As ideas and needs were shared, Clerk Janie Anderson used a marker to make lists on butcher paper.

After all of the lists were posted, everyone in attendance was given five sticky dots, with the rule that they could place no more than two dots next to a single item.

KinderCenter Principal Julie Billetz stood in front of the lists with her final dot after most others had finished voting and returned to their seats.

“It’s very difficult,” Billetz said. “The items at the top of the list usually get funded, so it’s very important.”

Almost every priority identified through last year’s workshop was addressed, said Assistant Superintendent Becky Ford. Salaries were the top priority last year, and the district paid for a 2 percent increase.

“There was not one of these high priorities that was not addressed in a significant manner despite lean revenue from the state,” Ford said as she reviewed the list.
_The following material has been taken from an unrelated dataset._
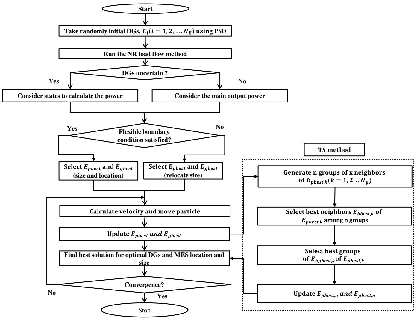 In this hybrid PSO-TS method, PSO is responsible for finding the initial solution and sent to the TS. Depending on the multi-MG flexible boundary condition, PSO will decide whether size and location will be fixed or need relocation of distributed energy resources before dispatch to the TS. TS will search for optimal results using memory structures. If TS can offer the better results from its experience than PSO, that will be considered for the next steps and forward to the PSO. This collaboration process between PSO and TS will continue until this hybrid method ensures the particles' own best and global best among all the particles in the searching spaces. The detailed steps regarding the hybrid PSO-TS algorithm and its application for optimal distributed energy storage location and operation in multi-MGs power distribution are illustrated in Fig. 1. It should be noted that the Newton Raphson's (NR) load flow method is chosen for power flow calculations in the multi-MGs system.
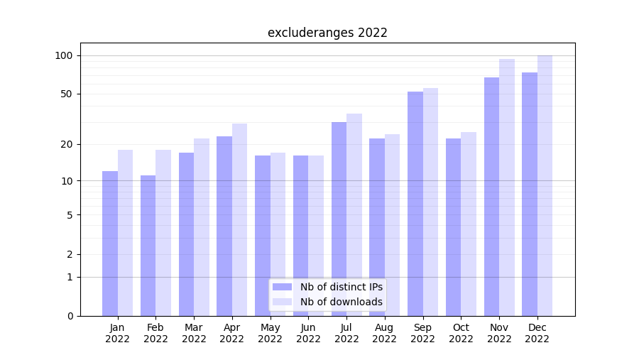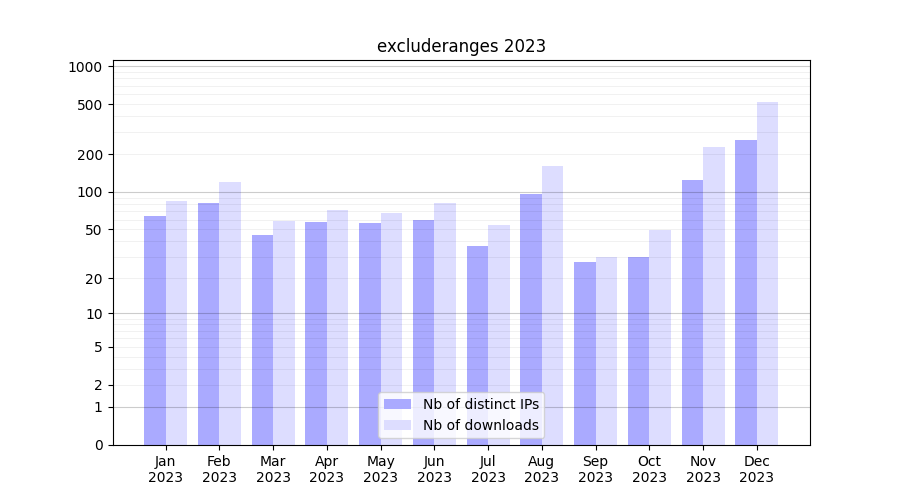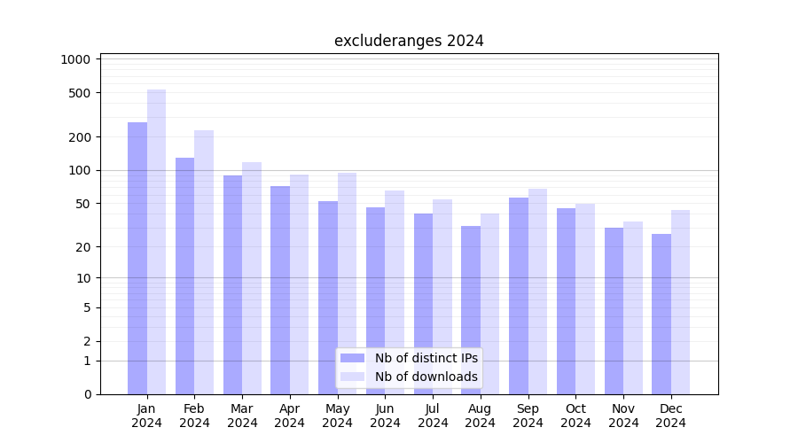 Number of downloads for annotation package excluderanges, year by year, from 2025 back to 2014 (years with no downloads are omitted):

This year, adding alternative programs at the middle schools was listed as the top priority, receiving 30 votes.

Post Falls Middle School Principal Don Boyk said all of the district’s secondary principals agreed there was a need for an alternative program for sixth-, seventh- and eighth-graders. The district’s alternative high school, New Vision, has a waiting list, he said.

He hopes a middle school program will help students before they get to high school, alleviating some of the burden on New Vision.

Salary and benefits were also a top priority, along with equipment for the maintenance crews, adding staff to help non-English speaking students and a counselor at the high school.

Mike Gibson, president of the Idaho Association of School Business Officials, said Post Falls’ method of allocating discretionary money is unusual.

“It certainly seems to work well for Post Falls,” Gibson said. He said it might not work as well in other districts, especially larger districts.

Putting together school district budgets is “a very complex process,” Gibson said. Often, he said, people become involved in the process only to lobby for their own interest.

“When you have areas of interest, then you have competition,” Gibson said. “When you have competition, sometimes it becomes contentious.”

At Tuesday’s hearing, many came in lobbying hard for their own school or their own program. After hearing the pleas for funding, some realized there were bigger needs than their own.

Paula Bechler, a parent representing Prairie View Elementary, said she was surprised to hear from more than one speaker that the district didn’t have a school nurse at each of its buildings. Three nurses now divide their time among the district’s eight buildings.

“I had no idea,” Bechler said. “When I was a kid we had a nurse full-time, all the time. And I’m surprised about Ponderosa’s carpet.”